**Task directions**
Copy exactly, and copy nothing else: the line that contains "Distressed with front" and all lines after it in the listing, without pictures.

**The data**
·····
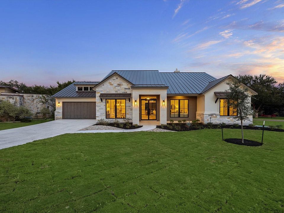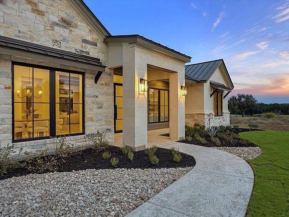 Exceptionally designed one-story home situated on Ram Rock Golf Course. This property is an entertainer's dream with large open spaces and indoor/outdoor living. Chef's kitchen features KitchenAid appliances, quartz countertops and an oversized island. Private primary suite with a spacious walk-in closet and spa-like bath. Two secondary bedrooms each with en-suite baths, plus a dedicated study or bonus room. Covered patio overlooks the golf course and lush backyard with room for a pool. Oversized garage includes a 3rd space for an additional vehicle, golf cart or workshop. Experience resort living with nearby clubs and lake amenities. Move-in ready new construction.
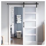 30x80 Inch Glass Sliding Barn Door Slab and 5.5ft Hardware Kit Included, 5 Frosted Glass, LVL Wood Panel Covered with White Water-Proof Scratch-Proof PVC Surface, Simple DIY Assembly
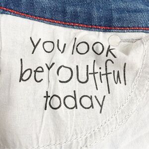 Distressed with front slit, contrast stitching, coin pocket, back pocket, large leather affirmation patch on back waistband, released hem with frayed edge.
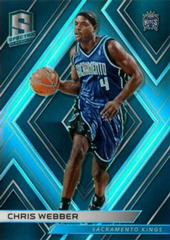 The Chris Webber 2017 Spectra #96 Silver card is 1 of 17 Chris Webber's card variations in the 2017 Spectra set being tracked by Sports Card Investor, including Base, Epic Legends /149, Epic Legends - Neon Blue /99, Neon Blue /99, and Red /75.
·····
**Solution**
 Distressed with front slit, contrast stitching, coin pocket, back pocket, large leather affirmation patch on back waistband, released hem with frayed edge.
 The Chris Webber 2017 Spectra #96 Silver card is 1 of 17 Chris Webber's card variations in the 2017 Spectra set being tracked by Sports Card Investor, including Base, Epic Legends /149, Epic Legends - Neon Blue /99, Neon Blue /99, and Red /75.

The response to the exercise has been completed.